The InfonceLoss implements contrastive learning with in-batch negatives and optional cross-rank gathering. It is designed for embedding/retrieval model training.

Usage

from twinkle.loss import InfonceLoss

loss_fn = InfonceLoss(
    temperature=0.1,
    use_batch=True,           # Enable in-batch negatives
    hard_negatives=7,         # Fix negative count per sample
    mask_fake_negative=True,  # Mask false negatives
    fake_neg_margin=0.1,      # Margin for false negative detection
)

model.set_loss(loss_fn)

Input Format

Each sample is laid out as anchor(1) + positive(1) + negatives(n) in a flat embedding tensor. The inputs['labels'] is a 1-D mask where 1 marks the start of each group.

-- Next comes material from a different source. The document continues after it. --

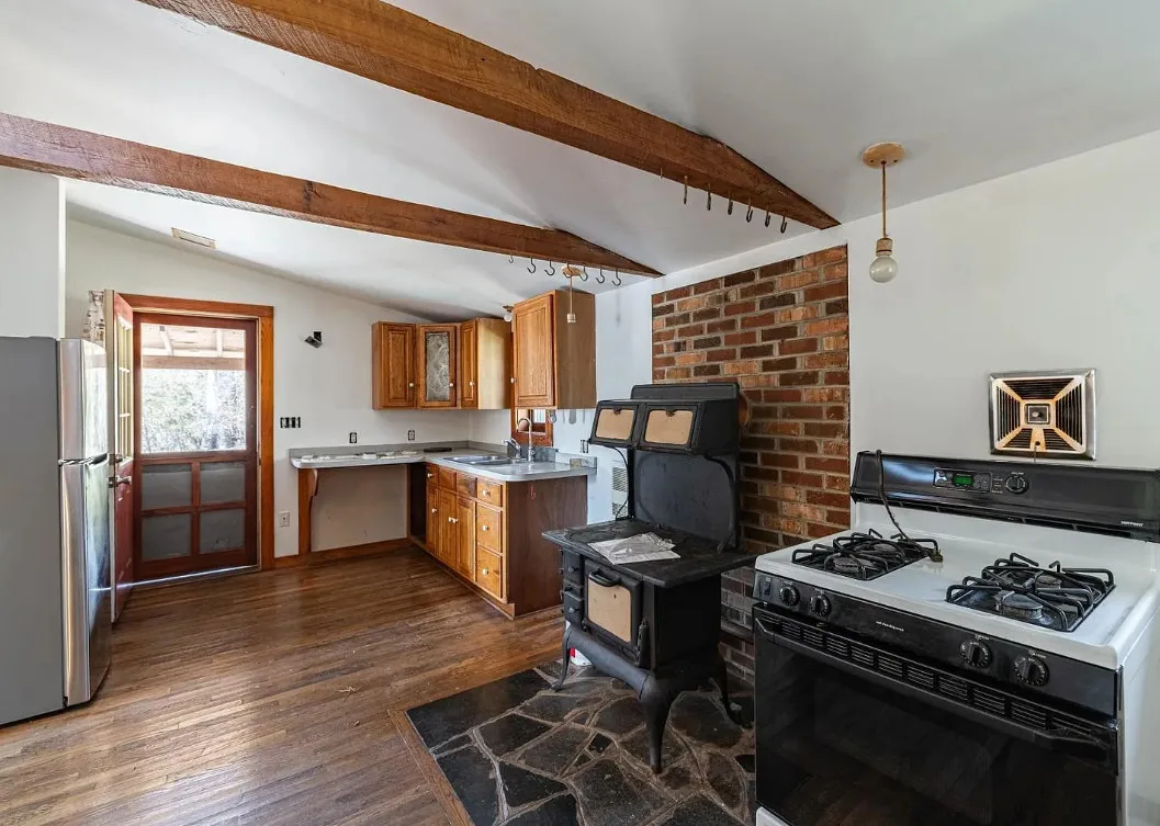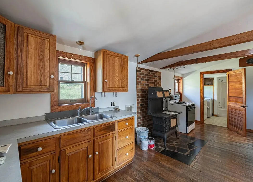 Near Walton’s Mountain Museum, wineries and breweries! This has an interesting history! It was built by the Alberene Soapstone Company so bachelors working for the company had a place to sleep at night. The house was built in 1912. It is located on 1.04 acres in Schuyler, Virginia. The house features a covered porch, covered side porch, original wood floors, exposed beams, bead board and baseboards. There are multiple outbuildings on the property, including a garage. Three bedrooms, one bathroom and 1,230 square feet. $250,000

embeddings: [a0, p0, n0_1, n0_2, a1, p1, n1_1, n1_2, ...]
labels:     [ 1,  0,    0,    0,  1,  0,    0,    0, ...]

Parameters

Parameter	Type	Default	Description
`temperature`	float	0.1	Logit scaling factor
`use_batch`	bool	True	Use cross-sample in-batch negatives
`hard_negatives`	int	None	Fix per-sample negative count (truncate/upsample)
`mask_fake_negative`	bool	False	Mask logits > positive + margin
`fake_neg_margin`	float	0.1	Threshold for false negative masking
`include_qq`	bool	False	Add query-query similarity block
`include_dd`	bool	False	Add doc-doc similarity block

Cross-Rank Gathering

When use_batch=True and distributed training is active, embeddings are gathered from all DP ranks to maximize in-batch negative diversity. Only the local shard retains gradients.

Similarity Blocks

The loss supports three similarity blocks for comprehensive contrastive learning:

Q→D (default): Query to all documents — primary contrastive signal
Q→Q (include_qq=True): Query to all other queries — prevents query collapse
D→D (include_dd=True): Document to all other documents — Qwen3-Embedding style

Example: Embedding Training

from twinkle.loss import InfonceLoss
from twinkle.metric import EmbeddingMetric

# Configure model for embedding
model.set_loss(InfonceLoss(temperature=0.05, use_batch=True, include_qq=True))
model.set_metric(EmbeddingMetric(device_mesh=mesh, process_group=pg))

# Training loop
for batch in dataloader:
    model.forward_backward(batch)
    model.clip_grad_and_step()